Выписка из протокола № 684

Испытуемый Доля Б. (группа умственно – отсталых медико-педагогической клиники).

Третья серия.

 

№№

Слово

Картинка

Р.

Ошибки репродукции

Речевая реакция

Объяснения испытуемого

1

снег

карта

карта

нет тут

Испытуемый объяснений не дает.

2

обед

цветок

ученье

 

3

лес

кошка

кошка – забыл

 

4

ученье

стол

тоже забыл

 

5

молоток

постель

лес

 

6

одежда

диван

поле

 

7

«поле»

дерево

дорога

 

8

игра

экипаж

лошадь

 

9

птица

трамвай

пионер

 

10

лошадь

корова

позабыл

 

11

дорога

картина

лес

 

12

ночь

гриб

позабыл

 

13

«мышь»

аэроплан

аэроплан

 

14

молоко

стакан

стакан – стул

 

15

стул

грабли

молоток

 

Совершенно иную картину мы имеем у Маруси А. Первое что обращает на себя внимание уже в самом начале экспериментов с ней, – это очень значительный процент объективно правильно произведенных сближений между словами ряда и карточками, т. е. правильный их выбор. Например из протокола № 4, относящегося к первому опыту с запоминанием при помощи картинок, видно, что испытуемая сразу же правильно выбирает к словам карточки: к слову «карандаш» – картинку, изображающую перья; к слову «автомобиль» – рисунок экипажа; к слову «дверь» картинку с изображением дома; к слову «подушка» – кровать и т. п., давая в общем 70 % удачных сближений. Таким образом у этой нашей испытуемой мы уже находим основную предпосылку к развитию опосредствованного запоминания – достаточно развитую элементарно-ассоциативную деятельность, позволяющую установить то сходство или соответствие между словом и карточкой. которое определяет собой выбор последней.

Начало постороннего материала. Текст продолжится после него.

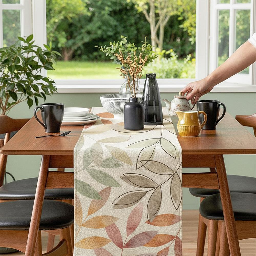 Élénkítse fel otthonát ezzel a gyönyörű, levélmintás futóval, amely eleganciát ötvöz a természetes stílussal. A finom pasztell zöld, narancssárga és bézs árnyalatok kellemes, meleg hangulatot kölcsönöznek asztalának – tökéletes választás őszi és egész éves dekorációként is. A kiváló minőségű anyagnak köszönhetően a futó nemcsak esztétikus, hanem praktikus is – könnyen tisztán tartható. Remekül illik modern vagy rusztikus enteriőrbe egyaránt, otthonának pedig meghitt, harmonikus hangulatot kölcsönöz.

Значит ли это, однако, что наша испытуемая тем самым способна опосредствовать свое запоминание, т. е. что она использует эти устанавливаемые ею связи при воспроизведении слов? Этот вопрос, с которым мы уже сталкивались в анализе материалов нашего первого возрастного среза, является для нас глубоко принципиальным. Иначе его можно было бы формулировать так: достаточно ли, для того чтобы превратить прямое непосредственное запоминание в запоминание опосредствованное наличия одной лишь способности устанавливать ассоциативные связи между двумя отдельными элементами? Если это так, в чем же, говоря принципиально, заключается тогда различие в поведении испытуемого, запоминающего пары слов или слогов по классическому методу «попаданий» («Treffer methode»), и в поведении испытуемого, пользующегося мнемо-техническими знаками? Прежде всего этот последний способ запоминания обязательно предполагает участие в установлении связей элементов прежнего опыта испытуемого; именно поэтому, наоборот, для исследования прямого попарного запоминания с точки зрения «ассоциационных» теорий памяти является с нашей точки зрения гораздо более последовательной методика бессмысленных слов, Однако очевидно, что одного только этого момента еще совершенно недостаточно, для того чтобы запоминание сделалось, опосредствованным: наша испытуемая выбирает карточки совершенно правильно, этот выбор целиком конечно определяется ее опытом, непосредственно участвующим таким образом в процессе и детерминирующим те связи, в которые вступают между собой слова и картинки, но тем не менее это не приводит к увеличению эффективности ее запоминания. Как мы выражали это выше, при анализе данных нашего первого исследование (глава II), карточка здесь оказывается ассоциативно связанной с процессом, но не вошедшей в его структуру в качестве центрального и основного ее элемента. «Память, – говорит П.Жане, – связана в своей деятельности с обратным билетом»[106]. Вот этот-то обратный путь и не возможен для нашей испытуемой.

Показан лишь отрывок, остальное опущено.